He hoped to find “a little tranquility, a little repose.” Instead, he saw the signs of another coup in the making. He tried to warn Chilean leftists that only a united front of all parties could stop the rising right-wing danger. When the military went into action in 1973, he was arrested. Upon his release, he went into exile once again. He was 26 years old.
This is the third of a series of essay on exiles --the "nation outside the nation" that is created when illiberal states target people on grounds of religion, race, sexuality, ethnicity, or politics, forcing them to leave home. I've looked at the difficult decision to relocate, and the ways that exiled individuals can become targets if they criticize the government, even from abroad.
Here I pay tribute to the resiliency and courage of those who go into exile to escape tyranny, and highlight lesser-known elements of a collective experience that has changed the lives of millions around the world.

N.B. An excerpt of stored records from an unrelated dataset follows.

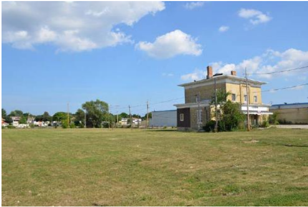
Wildenberg Hotel | South 27 th St. Charette
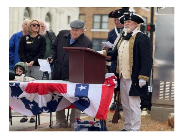
The C.A.R. even got involved with our Patriots of Liberty boys capturing a Tory sympathizer at the battle re-enactment.
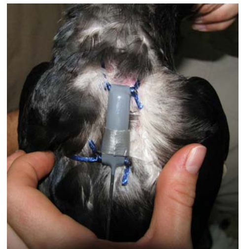
Transmitter on captive crow (looking down at the upper back)
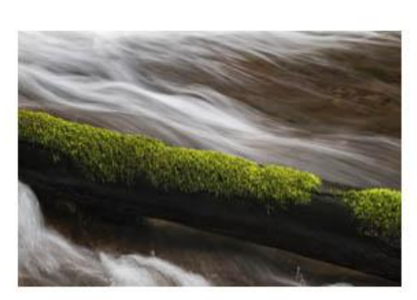
Mossy Log sweet Creek -don elliott
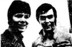
• John Rowles congratulates John Rowles on his debut on the English charts with "Congratulations"

Says John: "I only decided I could sing about three years ago. That's when I started to take it seriously." However, John left college in Australia and finished that the only way to further his career was to go to Britain, which he did in October last year. Many people have commented that he bears a resemblance to England's Englebert Humperdink. John agrees to a certain extent and says that on his first day in the London while looking for a full-time job, he saw three young girls run up to him in the street and say "Congratulations"
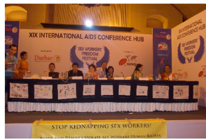
SWFF panel – Kolkata
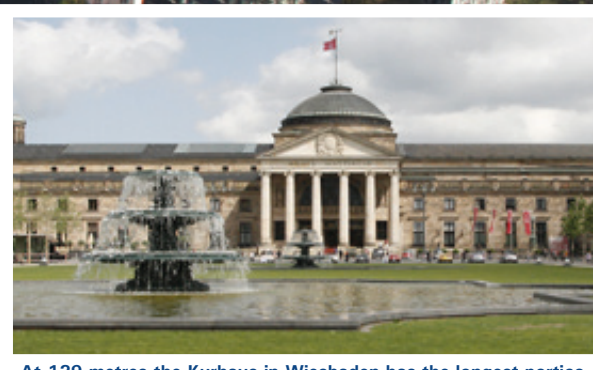
At 129 metres the Kurhaus in Wiesbaden has the longest portico in Europe and it is also the social centre of the city.

In the region around Frankfurt, Mainz, Wiesbaden, Offenbach, Darmstadt and Heidelberg those seeking relaxation as well as those who want to stay active can get their money's worth.
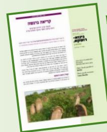
Fundraising pamphlet distributed among the family
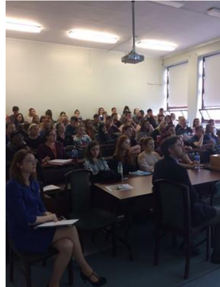
Over 70 Students Attended WEHD in DIT
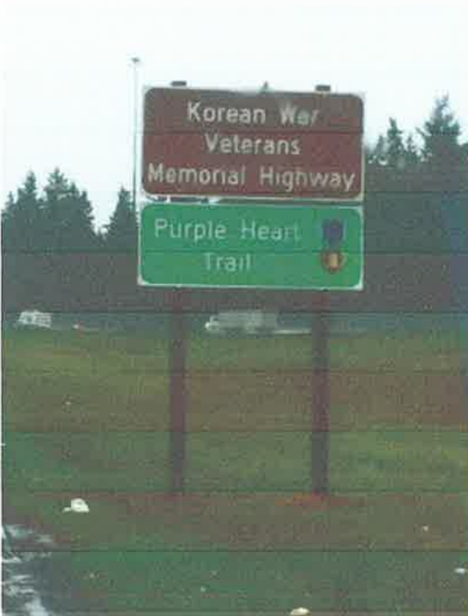
Korean War Veterans Memorial Highway and Purple Heart Trail signs on Interstate 5 near Tualatin
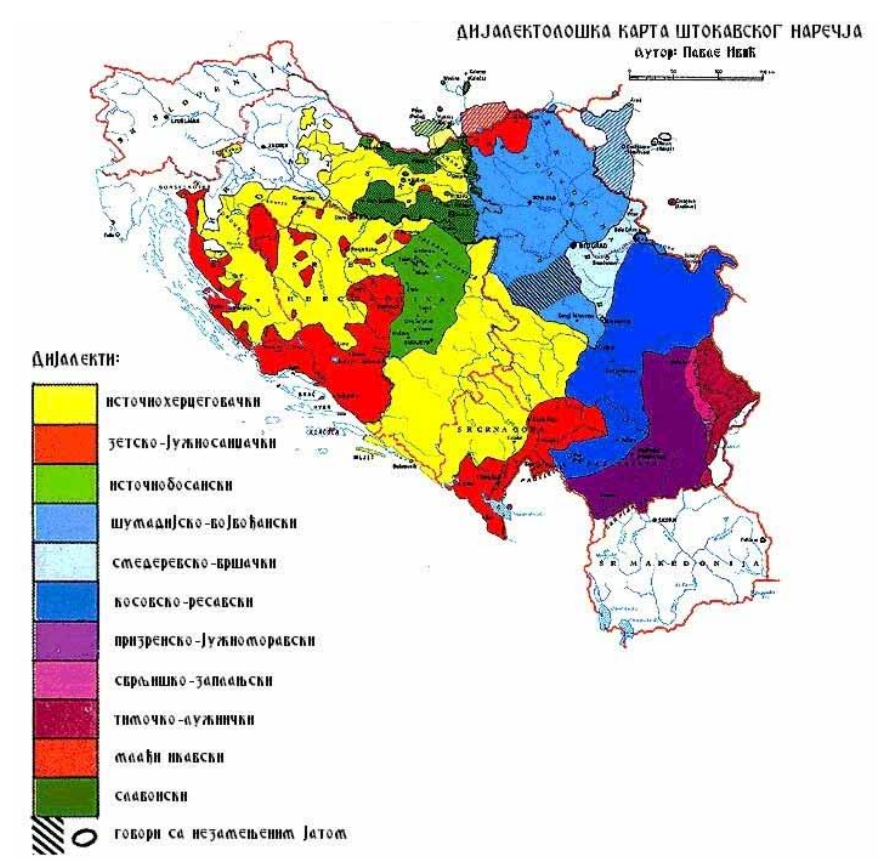
Map of the Shtokavian dialect spoken by 75% of the people from ex-Yugoslavia

The common link that is connecting in practice and even in literature Bosnian with neighbouring Croatian, Serbian, Macedonian and Montenegrin languages are c. 3000 Oriental words ("turcizmi"). For many of them there is no domestic Slavic alternative.<sup>20</sup>
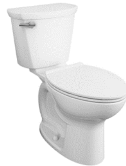
Cadet Pro Tall, Round Bowl:
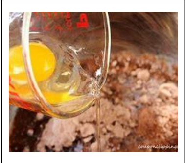
4. Add the egg a little at a time and mix in thoroughly.
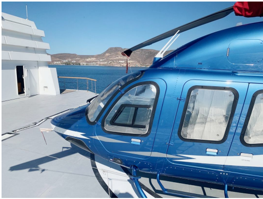
Bell 429 Cockpit & Cabin HeatShields

Cockpit Heatshields are interior sunshades for the aircraft's cockpit. The product is a unique composite of closed-cell foam with a silver mylar finish. The semi-rigid design is stiff enough to stand inside the window framing. Darts and folds are incorporated into the material so that it conforms to the complex shape of the helicopter windows. The set folds up flat and is easily stored in the included storage sleeve. Some designs may require velcro and suction cups. A Heatshield is an excellent short-term remedy for cockpit overheating, but an external fabric cover is more effective for long-term protection.
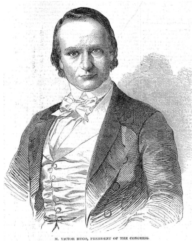
Victor Hugo addresses the Paris Peace Conference, Illustrated London News , 1 September 1849

Tolstoy's thoughts can be traced from his powerful reporting of the Crimean War (which was subjected to Russian censorship), 21 through War and Peace when he was still trying to reconcile the apparent inevitability of war with its essential immorality, to the complete rejection of violence and adoption of total pacifism in his later years. Similarly in the case of Hugo, we can trace a consistent development of his thinking on peace from his address to the first great Peace Conference of 1849 - when he made a prescient appeal for European unity which would make war obsolete - to the impassioned denunciation of war in his speech on the centenary of Voltaire's death (1878) in which he drew a powerful connection between the peace thought of the Enlightenment and the peace campaigns of his own time.
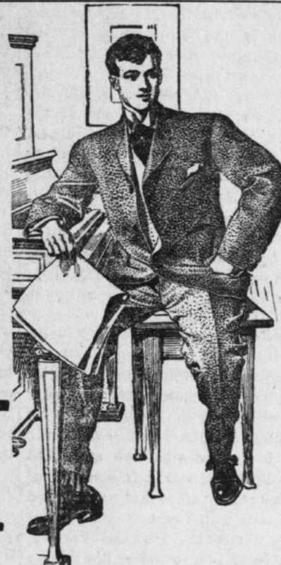
Copyright 1905 by Hart Schaffner & Marx

Our glove and mitten department is full, and contains some fine new things
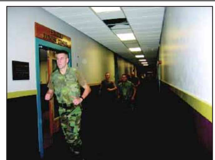
A Semper Fi Society pledge goes through weekly training sessions.

"The harder you push yourself, the faster it will be over," Kettner said. "This will really be a day of fun."
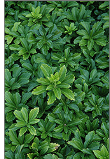
Green Sheen Japanese Spurge foliage
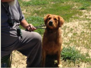
Look Up Tuck!
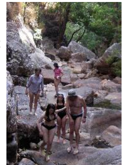
Walking up one of the shady gorges.
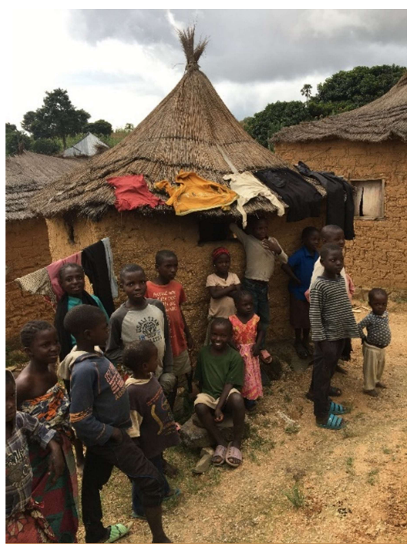
Hey kids, how many things can you see in the photo above that are different from your experience in the United States?

The kids you see are your brothers and sisters in Christ!
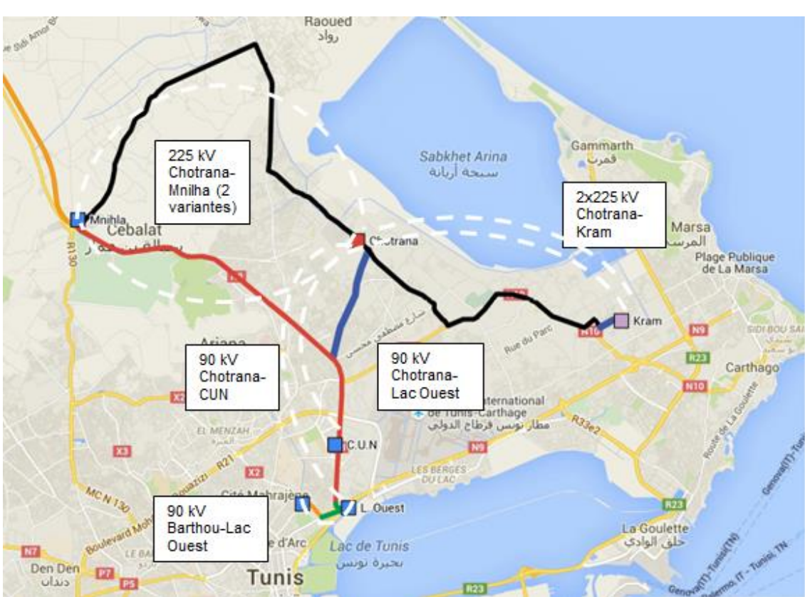
Fig. 1. Sub-component 1
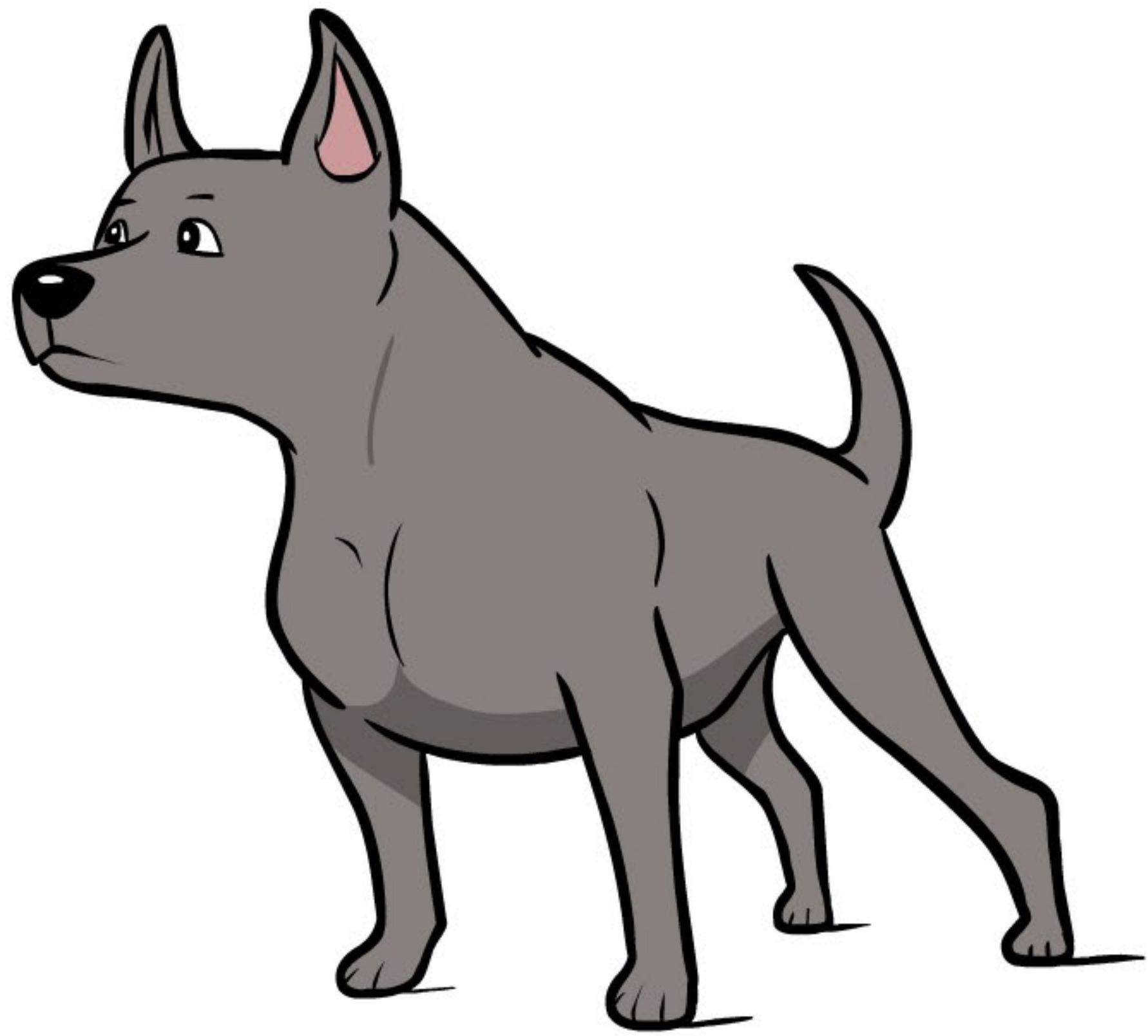
Body forward, ears forward, high tail: alert/aroused

These body language signals indicate that a dog may be aroused or excited
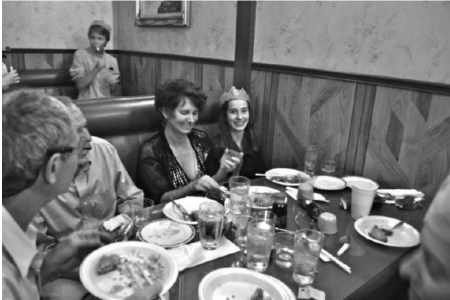
High Holidays 5774 Services
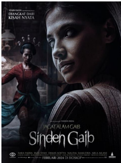
Figure 3.4 “ Siden Gaib ” Movie Poster
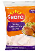
DRUMSTICK PACKING: 12x900gm
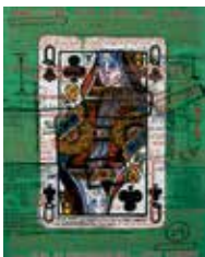
Keith Tyson Studio Wall Drawing: Pick a Card, Any Card - The Properties of One, 2001 Mixed media on paper 60 x 47 3/4 inches Gift of Thea Westreich Wagner and Ethan Wagner
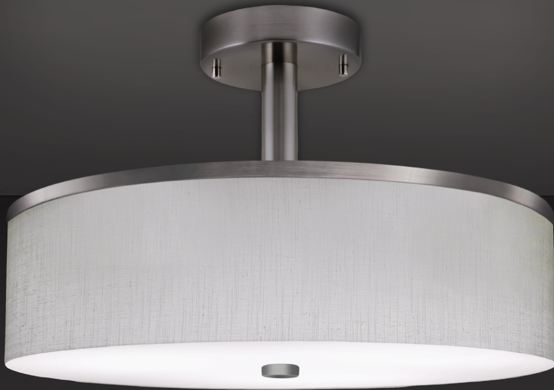
White Linen (WHL) diffuser
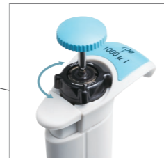
New material used for 4 notch-lock improves its strength, which minimizes the lever shift from the original position.
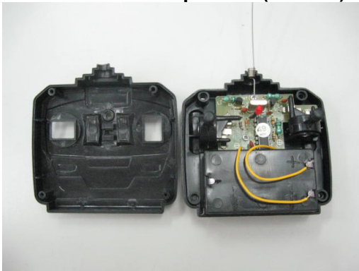
Front View of the product (Internal)
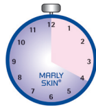
Figure 3: • Apply a thin layer of MARLY SKIN® to the skin surface in need of protection and rub in well. Depending on the size of the application area, repeat as necessary. • Let dry for three minutes after applying. The skin is now protected for four to six hours even if the skin is washed with soap and water or disinfected several times throughout. All natural functions such as perspiration, respiration, and sense of touch are unaffected during this time.

MARLY SKIN® is neither visible nor otherwise noticeable. It is perfectly harmless when it comes in contact with the eyes, mouth or food and leaves no marks behind.
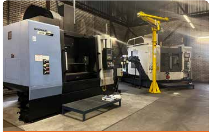
2018 CNC DOOSAN DNM 6700
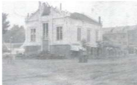
Universalist Church Fire

We step into a store and cry out excitedly to the men inside that there is a big fire downstreet. One of them, lolling against a cracker barrel, waves a hand and says there isn't—"It's over in Topsham." "Step outside, then, and see for yourself," we exclaim impatiently. He steps out, just in time to see the great spire, its skeleton glowing in outline, topple slowly over into the street. When we get to the fire, we find the Topsham fire company there, as well as the local companies; and the men are manning the brakes furiously. They tell us that they had been unable to save the spire, because the water turned to spray before it reached it and therefore was ineffective. But the rain helps some, and finally the blaze in the rest of the building is fought to a smolder.
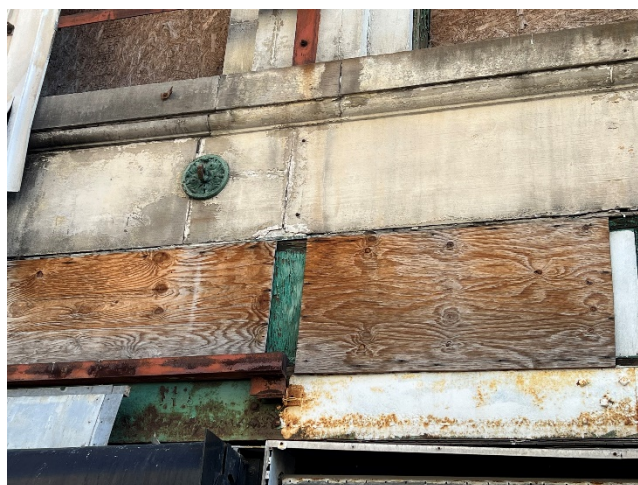
P-10 Cast-iron floret attached to stone
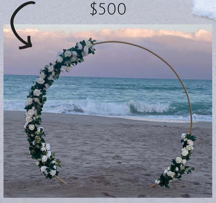
GOLD CIRCULAR ARCH WITH SILK FLORALS $500

WOODEN 2 POST ARCH WITH WHITE DRAPERY & SILK FLORALS $600

As Xavier's trajectory attests, finding a safe place to resettle can be a long process. The anti-Nazi theologian Dietrich von Hildebrand was one of many who relocated repeatedly as Adolf Hitler expanded throughout Europe. Von Hildebrand moved from Germany to Austria to France before settling in Portugal.
Going into exile might even mean exchanging one regime for another. Of the 200,000 Chileans who left their native land after the United States-backed coup, many resettled in democracies, while Chilean Communists often went to Cuba or Soviet bloc countries. Yet immigration and employment circumstances led some twenty-five thousand Chileans to relocate to Brazil’s military dictatorship. Some joined a resistance group based in the southern city of Porto Alegre.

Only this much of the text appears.